EXPRESS YOUR ANGER HEALTHILY

Express Your Anger Healthily


Before you begin meditation, keep a piece of paper and pen handy. In your preferred sitting position, close your eyes, press your tongue against the roof of your mouth, inhale through your nose, breathe through your abdomen, and focus on your breath. When you're fully focused and your body is relaxed, create a situation in your mind where you can express your anger to someone else. It can be current, it can be passed, it can be as long as you feel a little bit of anger has gone away or you still feel anger.

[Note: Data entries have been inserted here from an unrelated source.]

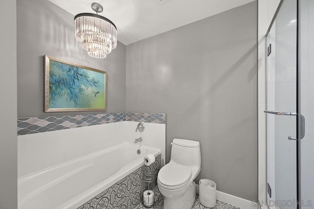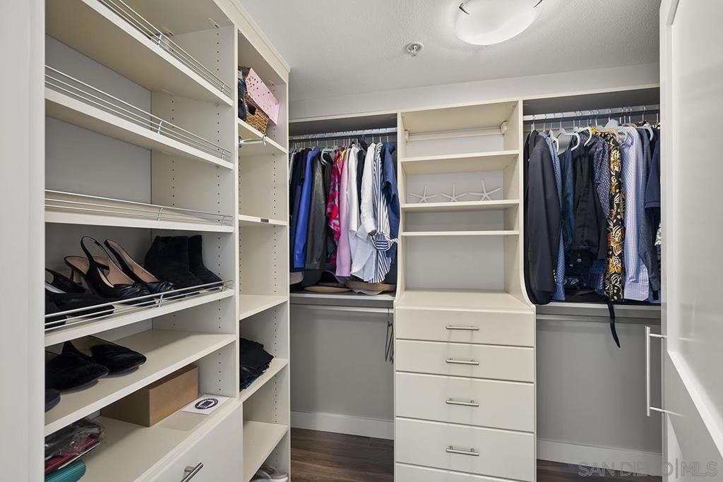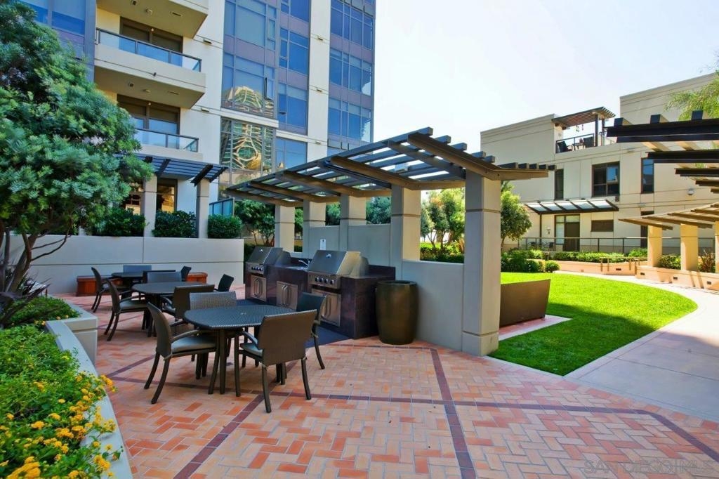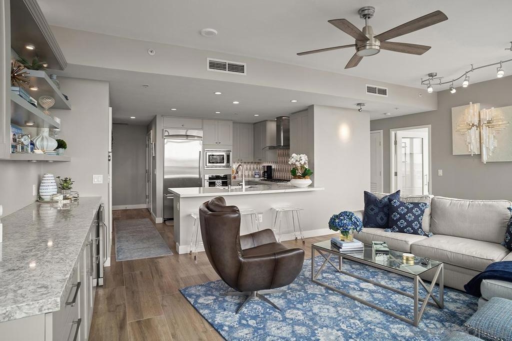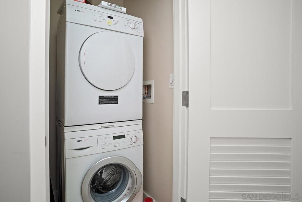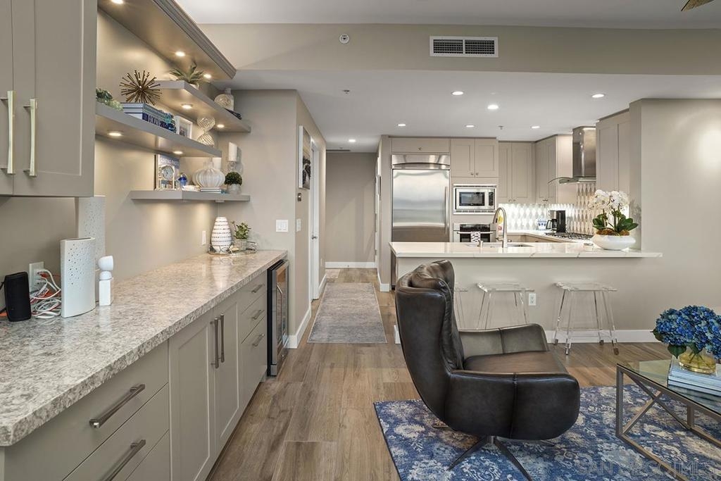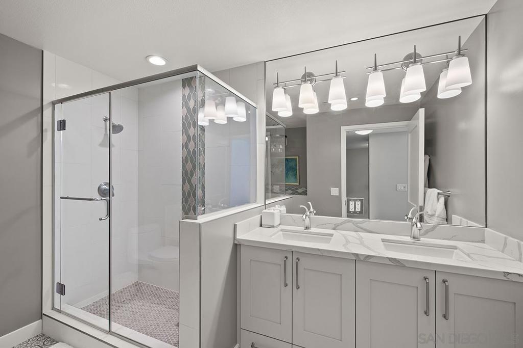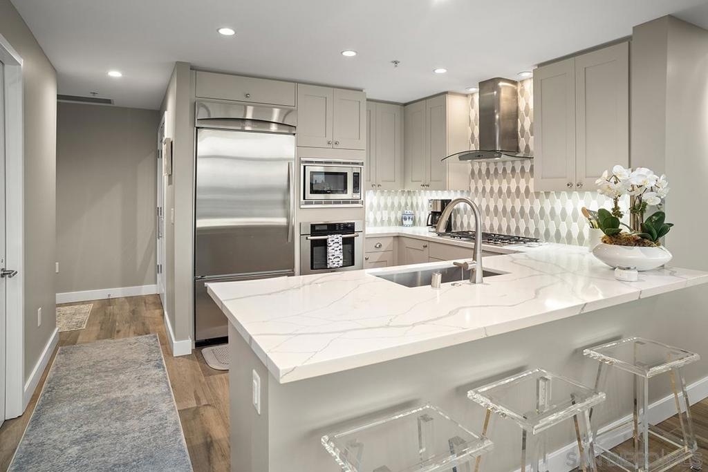 Elevated high above San Diego Bay, this exquisitely reimagined residence 2 bedroom + office/den offers breathtaking views of the vibrant cityscape and iconic waterfront. Thoughtfully and thoroughly remodeled, the home showcases elegant upgrades, including porcelain tile flooring, custom built-in cabinetry with quartz countertops, and a private balcony—perfect for enjoying San Diego's spectacular sunsets. The fully renovated kitchen is a culinary haven, equipped with premium Bosch stainless appliances, a Thermador refrigerator, quartz countertops, a custom tile backsplash, recessed lighting, and a breakfast bar for casual dining. The adjacent living area features custom built-ins offering ample storage, a wine chiller, motorized shades, and a ceiling fan for added comfort. The serene primary bedroom is adorned with designer wall treatments and includes a spacious walk-in closet with custom organization, blackout shades, and an ensuite bathroom featuring an oversized soaking tub, step-in shower, dual vanities, and quartz countertops. An additional generously sized bedroom, complete with dual closets and blackout shades, along with a versatile den/home office space, adds to the home's appeal. The unit also includes a dedicated storage space and two highly coveted side-by-side parking spaces. With its seamless blend of style and functionality, this home epitomizes refined urban living in the heart of San Diego. Offering a fabulous location in the coveted Columbia District, you will love being only a short walk to Waterfront Park, Seaport Village, The Headquarters, and the brand-new Rady’s Shell at Jacobs Park, a unique live music venue and home of the San Diego Symphony! Also enjoy proximity to the future life science and biotechnology research development The Research and Development District (The RaDD) at the Embarcadero and the sustainable tech-focused Horton Plaza Redevelopment in the center of the city. Electra has the unique distinction of being built around the historical 1928 SDG&E Station B. Residents can take advantage of an array of services including a concierge, top notch security, and guest parking spaces available by reservation through a simple mobile app. Luxuriate in a steam room, resort-style pool and spa, fitness center, and Electra Park on the 5th floor where you may seek respite from the hustle and bustle surrounded by lush landscaping and a romantic outdoor fireplace and top-of-the-line barbecues.
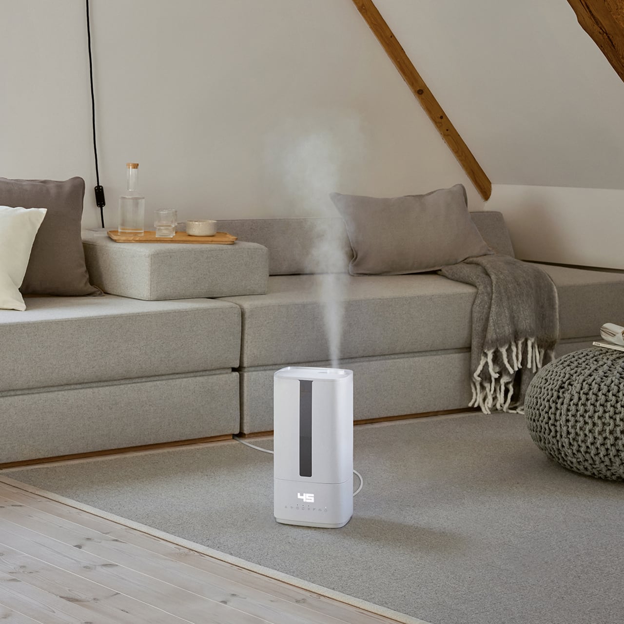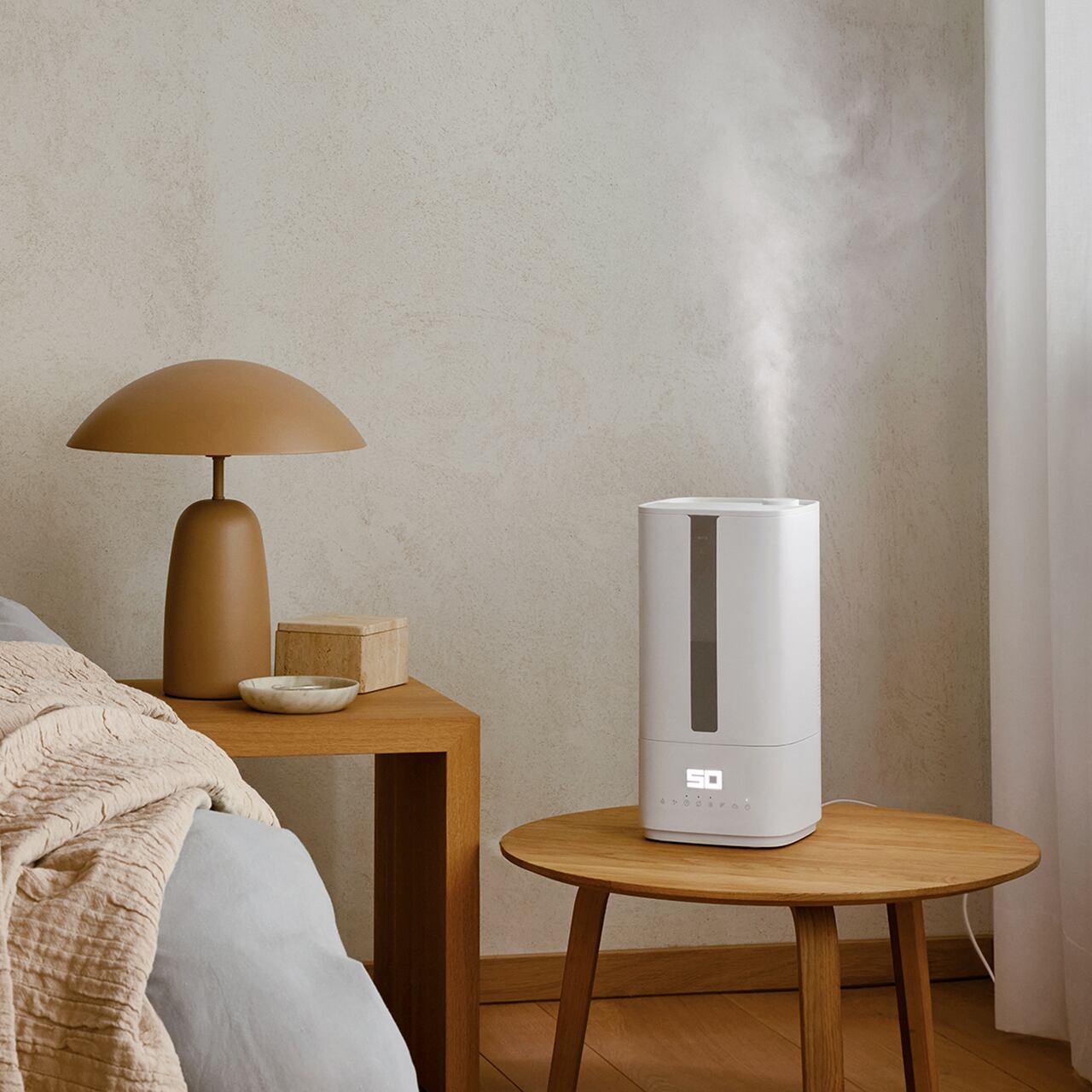 霧化前の水は内蔵の UV ランプによって照射され、99.99% の細菌を除去。衛生的で安心してお使いいただけます。給水はとても簡単。運転中でも上部のフタを開けて水を注ぐだけで完了します。さらに、内蔵の芳香容器にお好みのエッセンシャルオイルを数滴垂らせば、加湿とともにほのかな香りが広がる癒しの空間を演出できます。湿度は 30% から 75% まで自由に設定可能。自動モードではセンサーが室内の湿度を感知し、出力を自動調整。常に一定で心地よい湿度環境を維持します。内蔵されたUVライト技術は、超音波振動板によって水が細かいミストに変換される前に、機器内の水を消毒します。これにより、細菌やその他の有害微生物が減少し、衛生的な加湿が保証されます。健康上の理由から、UVライトはアクセスできない場所に安全に設置されており、自動的に作動し、メンテナンスは必要ありません。
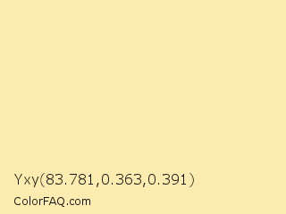 Yxy 83.781,0.363,0.391 Color is a very light yellow color and the nearest color is Banana Mania Crayola #fbe7b2. Hex code #fcecaf and RGB value is rgb(252,236,175). In RGB color space, this color is composed of 99% red, 93% green, 69% blue, In CMYK color space, this color is composed of 0% cyan, 6% magenta, 31% yellow , 1% black , In HSL color space, this color has a hue angle of 48° , 93% saturation and 84% lightness.
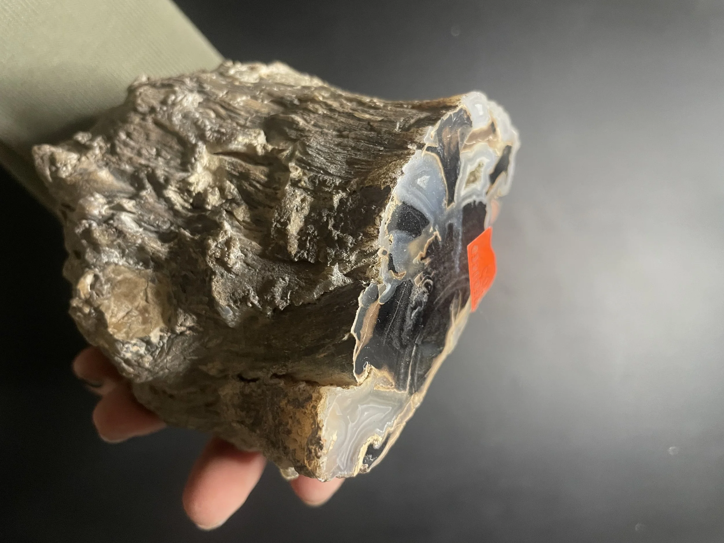 Blue Forest Petrified Wood, such as this one, of Eden Valley, Wyoming is known for its light and dark blue agate inclusions and unusually detailed representations of the live and dried out bark due to algae casting during the petrification process.
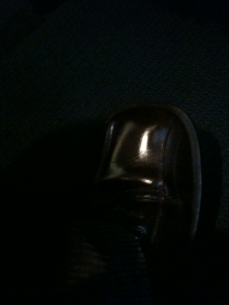 That is the incredibly shiny toe of my shoe, as seen on the floor of an AmTrak train. I’m en route home from a work trip to Washington DC, and I tried the Vermonter train, which goes from St. Albans, VT to Washington once a day. I can walk to the station in Brattleboro, which is very cool. It’s a slow train, lots of stops, but very nice, very relaxing. And, best of all is that I get to visit the shoeshine stand in Union Station, where a very old-school group of guys does a great job making everybody shine. Because it’s a 10-hour trip, I’m not sure how often i’ll actually travel this way, but it was a good experiment.
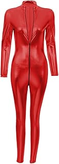 IWEMEK Sexy Combinaison Femme Catsuit Effet Latex, Métallique Combinaison Zippée, Leg Avenue, Jumpsuit, Bodysuit, Dancewear, Déguisement, Effet Mouillé
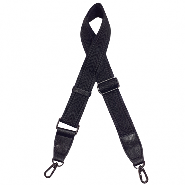 Migantin musta, tekstiilinen olkahihna antaa laukullesi kauniin ilmeen. Hihnassa on kaunis punosmainen kuvio. Metalliset soljet ovat tummansävyisiä.
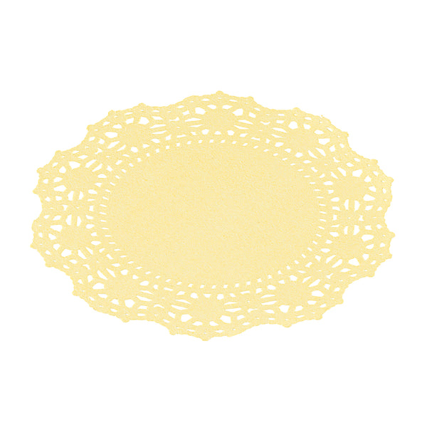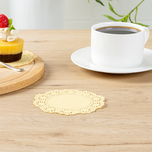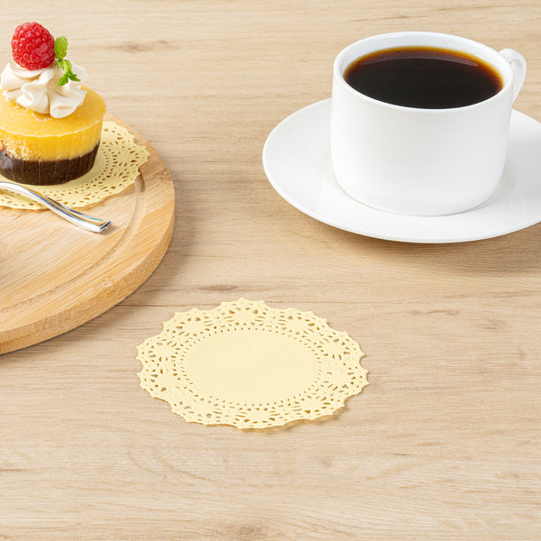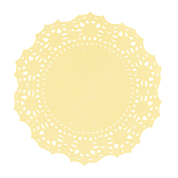 Enhance your dessert displays with our Pastry Tek Round Yellow Paper Doilies. These elegant paper doilies add a touch of sophistication to any table setting, making them perfect for bakeries or catered luncheons. Crafted from high-quality paper, these lace doilies provide exceptional durability, ensuring they won't tear or lose their structural integrity while showcasing double chocolate brownies. The intricate lace-like details of these table doilies not only boost the visual appeal of your food presentations but also serve as functional barriers, protecting surfaces and absorbing moisture. Versatile in their design, these colored paper doilies seamlessly complement a wide range of table settings and themes, making them an ideal choice for various events and occasions. Disposable by nature, these small doilies eradicate the hassle of post-event cleanup, offering a convenient and time-saving solution for busy hosts and food establishments. Measuring 4 inches in diameter, these lace doilies are perfect for placing under cupcakes, petit fours, macarons, and other small treats. Sold in a 4,000 count box.
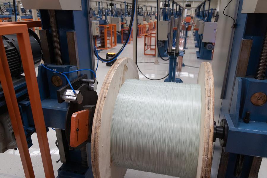 ►►Une photo prise le 10 mars 2025 montrant une ligne de production à l’usine Zettanet à Kisber, en Hongrie. Une nouvelle étape dans la coopération économique sino-hongroise a été célébrée avec l’ouverture officielle de cette entreprise de fabrication de câbles optiques nouvellement établie à Kisber lundi. L’investissement, soutenu par le géant chinois des télécommunications FiberHome, devrait améliorer les capacités industrielles de la Hongrie et renforcer les relations économiques bilatérales.
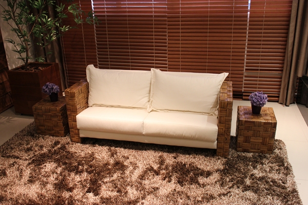 Sofá para lounge infantil. Braços laterais em trama de casca de buriti e assento e encosto em capa de sarja cru.
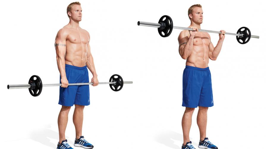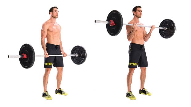 • Hold the barbell at shoulder width with your palms facing downwards and elbows close to the torso.
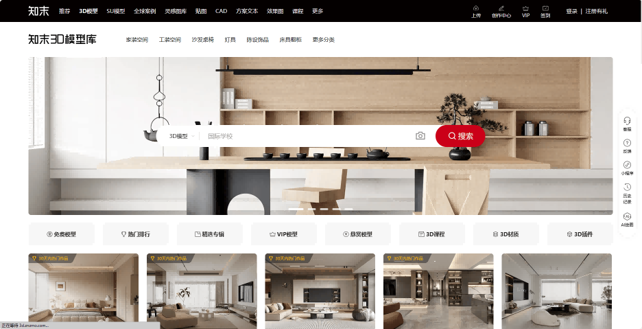 知末网的优势和特色:知末网拥有近500万效果图作品,提供3D模型、SU模型、材质贴图、CAD图纸、软件/插件等素材下载。知末网的素材都是由专业的设计师制作的,可以满足用户在室内设计、建筑设计、景观设计、家居设计等方面的需求。知末网还提供了效果图制作的服务,用户可以在知末网上找到合适的效果图制作公司,或者自己上传自己的设计方案,然后由知末网的专业团队为您制作高品质的效果图。
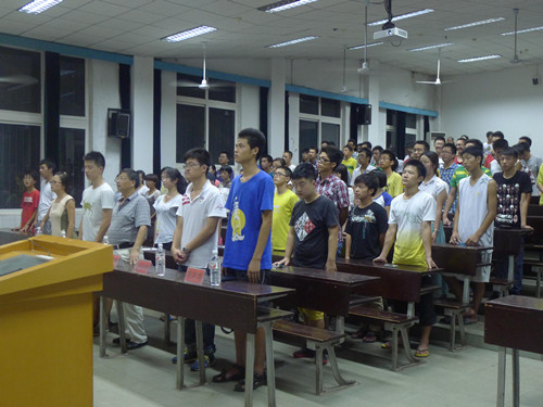 大会开始,全体起立,奏唱青年志愿者之歌。紧接着,由谭书记致开幕词;书记倡导大家积极乐观,热情大方的迎接新生,向13级新生传递机械正能量;随后由移动赞助商代表上台讲话;紧接着,主持人强调了新生接待的注意的事项;最后,进行全体志愿者宣誓仪式。

Go through the reasons why you are angry in your mind: Did your friend hurt you? Feel shunned or abandoned? Is personal space or personal value violated? Make your inner feelings as concrete as possible and write them down. Write down what the other person did, said, or did that made you angry. Given this situation, what do you need to do to improve it, don't care if it meets the requirements, just write it down? Close your eyes and imagine that this person is sitting across the table, willing to listen to what you have to say, and free to express your feelings. Start by telling your offender what specific behavior upset you, using "I." This allows you to take emotional responsibility for yourself, for example, "I'm furious that you were 40 minutes late to our 9 o 'clock appointment." "I'm so disappointed that I lost my temper." "I can't hold my head up because you had to talk to my friend like that." Communication in meditation should be simple and clear. Imagine that the other person is listening and accepting of what you are saying, and focus on your own feelings and emotions as you speak. Ask the other person to meet one specific request of their own. For example, "If you would listen to me a little longer, without being judgmental, I would definitely listen to you." Then ask if he can do it, and if not, try to negotiate. Turn your attention back to yourself, let the other person disappear, pay attention to your breathing, and notice any emotional changes that occur during this mental exercise. To prepare, open your eyes and take a few clean breaths, then take a minute to adjust.


Express your anger in a healthy way by meditating continuously for 10-15 minutes, depending on the situation.